We are tasked with finding the dimensions of an open-top rectangular box that minimizes the cost, given a volume constraint of \( 200 \text{ in}^3 \) and different costs for the base, front, and other sides.

### Step 1: Define the variables
- Let the **width** of the front of the box be \( w \) (inches).
- Let the **depth** (side length perpendicular to the front) be \( d \) (inches).
- Let the **height** of the box be \( h \) (inches).

The volume constraint is:
\[
w \cdot d \cdot h = 200
\]
Thus, \( h = \frac{200}{w \cdot d} \).

### Step 2: Cost function
The total cost of the box includes the base, the front side, and the other sides.

- The base area is \( w \cdot d \), and it costs 5 cents per square inch. So, the cost of the base is:
  \[
  \text{Base cost} = 5 \cdot w \cdot d
  \]
  
- The front face area is \( w \cdot h \), and it costs 9 cents per square inch. So, the cost of the front is:
  \[
  \text{Front cost} = 9 \cdot w \cdot h
  \]
  
- The remaining sides include:
  - **Two sides**, each with area \( h \cdot d \), and they cost 3 cents per square inch. The total cost of these two sides is:
    \[
    \text{Side cost} = 3 \cdot 2 \cdot h \cdot d = 6 \cdot h \cdot d
    \]
  
- The **back face** is the same as the front but costs only 3 cents per square inch. So, the cost of the back face is:
  \[
  \text{Back cost} = 3 \cdot w \cdot h
  \]

### Total cost function:
The total cost \( C \) is the sum of these components:
\[
C = 5 \cdot w \cdot d + 9 \cdot w \cdot h + 6 \cdot h \cdot d + 3 \cdot w \cdot h
\]
This simplifies to:
\[
C = 5 \cdot w \cdot d + 12 \cdot w \cdot h + 6 \cdot h \cdot d
\]

### Step 3: Substitute for \( h \)
Using the volume constraint \( h = \frac{200}{w \cdot d} \), substitute this into the cost function:
\[
C = 5 \cdot w \cdot d + 12 \cdot w \cdot \frac{200}{w \cdot d} + 6 \cdot \frac{200}{w \cdot d} \cdot d
\]
Simplify:
\[
C = 5 \cdot w \cdot d + \frac{2400}{d} + \frac{1200}{w}
\]

### Step 4: Minimize the cost
We now minimize \( C \) with respect to \( w \) and \( d \). We do this by taking partial derivatives and setting them equal to zero.
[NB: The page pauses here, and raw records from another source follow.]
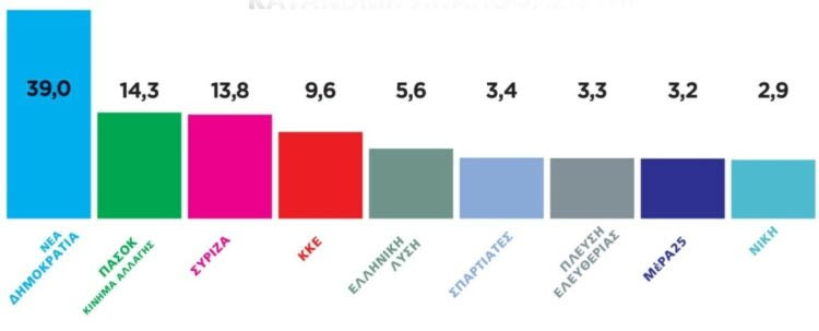Το ΚΚΕ είναι τέταρτο με 9,6%, ακολουθεί η Ελληνική Λύση με 5,6%, οι Σπαρτιάτες με 3,4%, η Πλεύση Ελευθερίας με 3,3%, το ΜέΡΑ25 με 3,2% και η Νίκη με 2,9%.
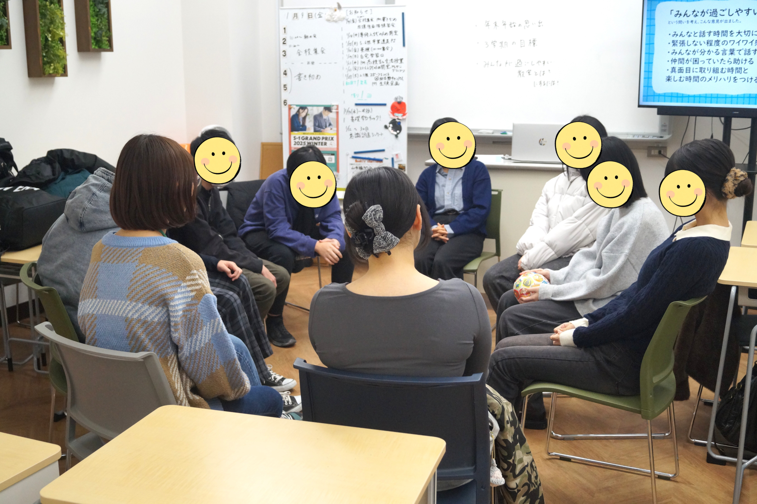 今日の4時間目に今年の目標などをみんなで話し合いました!
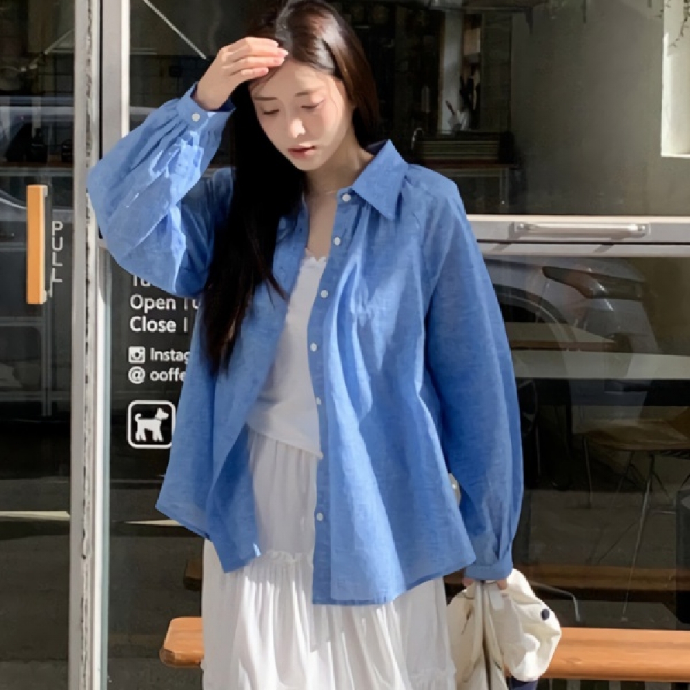 여성 봄 여름 오버핏 무지 포켓 코튼 셔츠
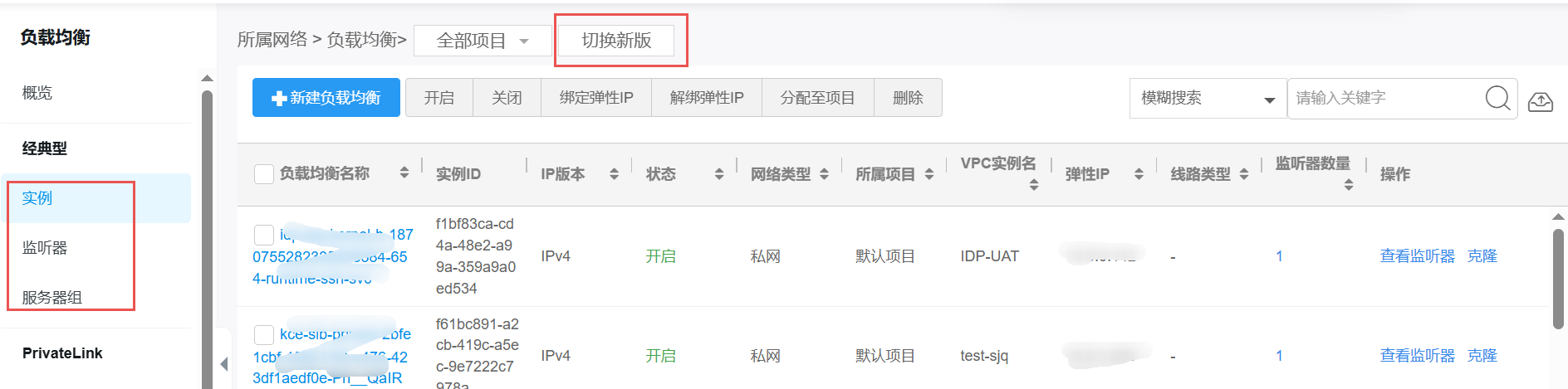 您可以负载均衡 > 经典型的实例、监听器、服务器组的旧版控制台,单击右上方的切换新版,直接进入新版SLB控制台。
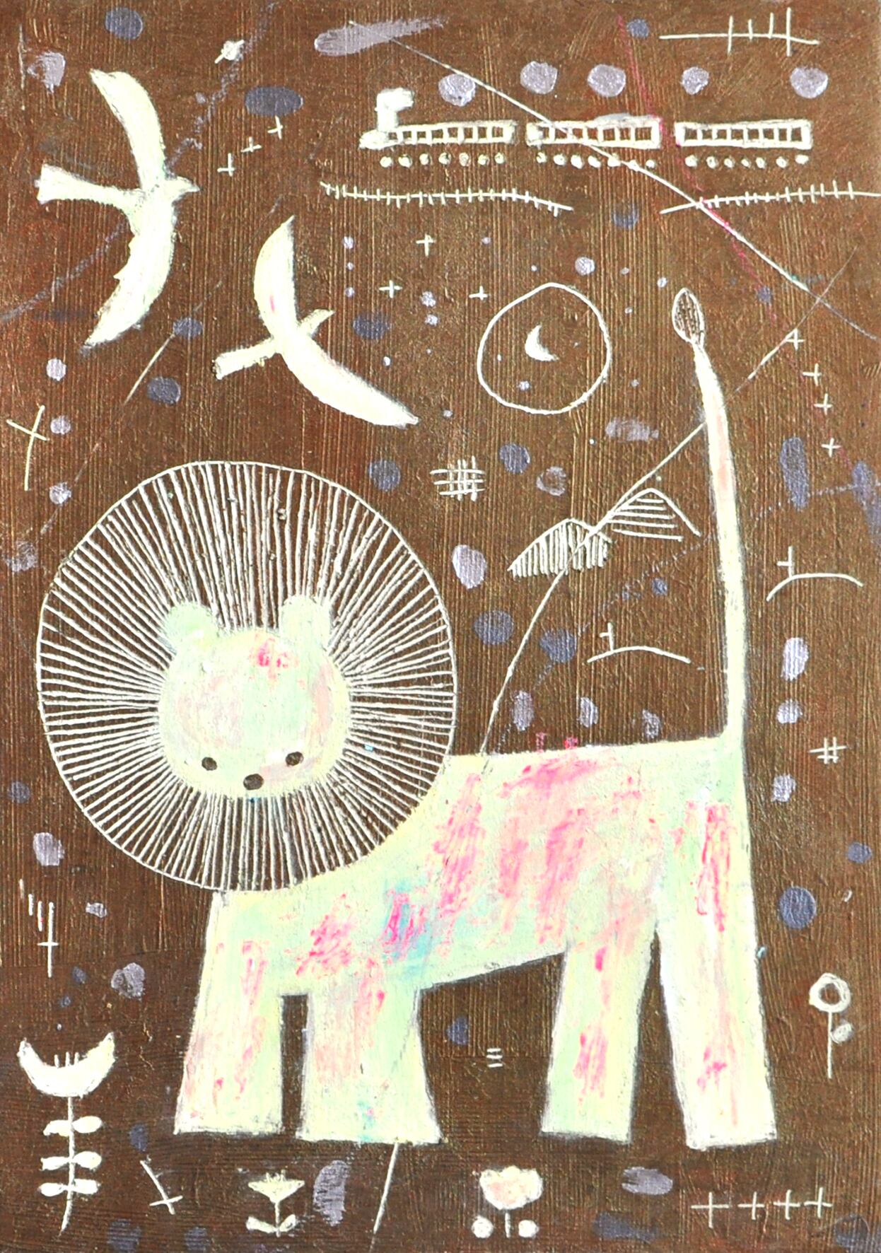 使用画材:木製パネル、アクリルガッシュ、クレパス

1. **Partial derivative with respect to \( w \):**
\[
\frac{\partial C}{\partial w} = 5 \cdot d - \frac{1200}{w^2}
\]
Set \( \frac{\partial C}{\partial w} = 0 \):
\[
5 \cdot d = \frac{1200}{w^2}
\]
\[
w^2 = \frac{1200}{5 \cdot d}
\]
\[
w = \sqrt{\frac{240}{d}}
\]

2. **Partial derivative with respect to \( d \):**
\[
\frac{\partial C}{\partial d} = 5 \cdot w - \frac{2400}{d^2}
\]
Set \( \frac{\partial C}{\partial d} = 0 \):
\[
5 \cdot w = \frac{2400}{d^2}
\]
\[
d^2 = \frac{2400}{5 \cdot w}
\]
\[
d = \sqrt{\frac{480}{w}}
\]

### Step 5: Solve the system of equations
We now have two equations:
\[
w = \sqrt{\frac{240}{d}} \quad \text{and} \quad d = \sqrt{\frac{480}{w}}
\]

Substitute one into the other and solve for \( w \) and \( d \).

This requires solving the system of equations numerically or symbolically to find the optimal values of \( w \), \( d \), and \( h \).

### Conclusion:

- **Front width \( w \)**: \(\)
- **Depth \( d \)**: \(\)
- **Height \( h \)**: \(\)

An open-top rectangular box is being constructed to hold a volume of 200 in3. The base of the box is made from a material costing 5 cents/in2. The front of the box must be decorated, and will cost 9 cents/in2. The remainder of the sides will cost 3 cents/in2. Find the dimensions that will minimize the cost of constructing this box. Please show your answers to at least 4 decimal places.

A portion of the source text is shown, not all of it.